We put the splitter in the vertical position and split it that way. Just roll the round to the splitter, no lifting.


----------



## haypoint (Oct 4, 2006)

There is a home made log splitter for sale at auction Saturday that has an electric winch and log tongs.

I'm old enough to see the stages of life. I split tons of wood each year with a 8 pound maul. Now I rent a splitter and knock out a bunch of wood in a single day.
I think the log tong/winch is the next stage. I expect this to be a short stage, soon followed by buying firewood from some young guy.


----------



## GTX63 (Dec 13, 2016)

HDRider said:


> If I could.
> 
> How do you load a big heavy log onto a splitter?


I cut my logs into 18" +/-. Red Oak is about as dense as I cut so the heaviest.
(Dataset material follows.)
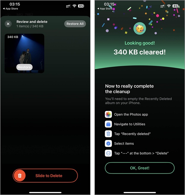 - The photos you marked will move to the app’s trash bin. You can review these photos and restore them if necessary before final deletion. Then, slide the ‘Slide to Delete’ control.
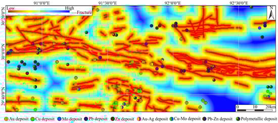 Fracture is an important ore-controlling factor, which can provide a method and space for mineralization. Since most deposits are located on the side of the main fracture, an analysis of the fracture distance can reveal a favorable environment for mineralization around the fracture on a regional scale. Therefore, this study uses fracture distance to describe the spatial relationships between deposits and fractures (Figure 3). Areas closer to faults are assigned smaller values, which are represented in red on the map, while areas farther from faults are assigned larger values, which are represented in blue. Most mineralization is located in the red low-value areas.

Those I can usually handle.
If the tree is 30" or more in diameter then the splitter goes upright, I pull up another log for a stool and roll the log under the wedge.
I suppose I could chain an oversize log to my tractor loader and lift it onto the splitter; or roll the log into the loader, raise the loader level with the splitter rail and roll the log over.


----------



## ticndig (Sep 7, 2014)

last year a tree service dropped a free load of white oak logs that were at least 3' across and some closer to 4' across. they weighed hundreds of pounds each .

they were not even safely moveable so I split in place with the wedge.
man that was a pile of work I never want to do again.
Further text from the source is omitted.